Bin für jede Hilfe dankbar.

Frohes neues Jahr.

Tom


----------



## Udo561 (2. Januar 2010)

*AW: Vispas und Vergunning für kraijenbergser Plaasen*

Hi Tom,
schau dir dies hier http://www.angeln-in-den-niederlanden.de/vispas.htm mal an , da steht alles was du wissen musst.
Wenn du weiter runter scrollst findest du auch einige Adressen wo du einen Vispas bekommst.

Gruß aus Holland,
Udo


----------



## mr-bugg (2. Januar 2010)

*AW: Vispas und Vergunning für kraijenbergser Plaasen*

Ja die Seite habe ich schon gefunden. Ich suche aber einen Angelladen in der Region um Cuijk wo ich gleich alles bekommen kann.

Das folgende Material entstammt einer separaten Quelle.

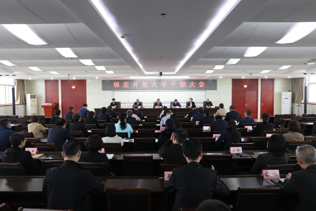 4月27日下午,保定開放大學(xué)在十樓會(huì)議室召開干部大會(huì),宣布保定市委關(guān)于學(xué)校黨委書記、校長的任免決定。保定市委組織部部務(wù)會(huì)成員、二級(jí)調(diào)研員成月軍,市委組織部干部四處處長、一級(jí)主任科員沈海清出席會(huì)議。學(xué)校黨委班子成員、全體中層干部及高級(jí)職稱教師代表參加會(huì)議,會(huì)議由保定開放大學(xué)原黨委書記周貴斌主持。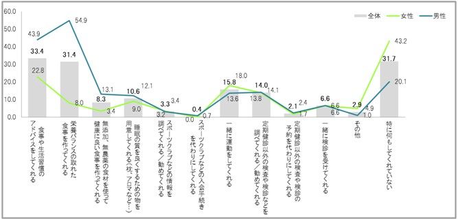 一方、夫が妻のために実際に行動している事として、「あなたの配偶者があなたの健康のためにしてくれていると感じる気遣いや行動」についての妻の回答を見てみると、なんと最も高いスコアは「特に何もしてくれていない」(43.2%)という、さらに残念な結果になっています。

Ist für einen der zum ersten mal in Holland Angeln will schon etwas verwirrend|bigeyes

Tom


----------



## Udo561 (2. Januar 2010)

*AW: Vispas und Vergunning für kraijenbergser Plaasen*

Hi Tom,
keine Ahnung wo du wohnst , aber vielleicht hilft dir das weiter, da bekommst du den Vispas in Deutschland .
Gruß Udo

- Zoo – Angel geräte Adams, Heikamp 6, Wegberg 41844 
- Leo’s Angelmarkt, Morsbacherstrass 34, Wurselen 52146 
- Zoo – und Angelzentrum Rupp, Rudolf diesel strasse 17, Heinsberg 52525 
- Zoo – und Angelzentrum Rupp, Julicher strasse 80, Huckelhoven 
- Jutta’s Angelshop, Friedrich Ebert strasse 167, Mönchengladbach 41236 
- Ralfs Angelshop, Tackenkamp 15, Niederkruchten 41372 
- Robert Ciglar, Kaarster strasse 57, Neuss 41462 
- Brüggener Angelladen, Holtweg 32, 41379 Brüggen 
- Angelcenter Straelen, Zand 1e, Straelen 
- Angelsport Saecker, Künckelstrasse 125, 41063 Mönchengladbach


----------



## mr-bugg (2. Januar 2010)

*AW: Vispas und Vergunning für kraijenbergser Plaasen*

Ich komme aus Rheinberg-Millingen und wohne fast direkt an der A 57 , bis zur Slipanlage habe ich fast genau 55 KM zu fahren. Da ich häufiger in Holland bin suche ich auch dort im Raum Boxmeer Cuijk ein Angelgeschäft :vik:wo ich die gesuchten Scheine bekomme.

Tom


----------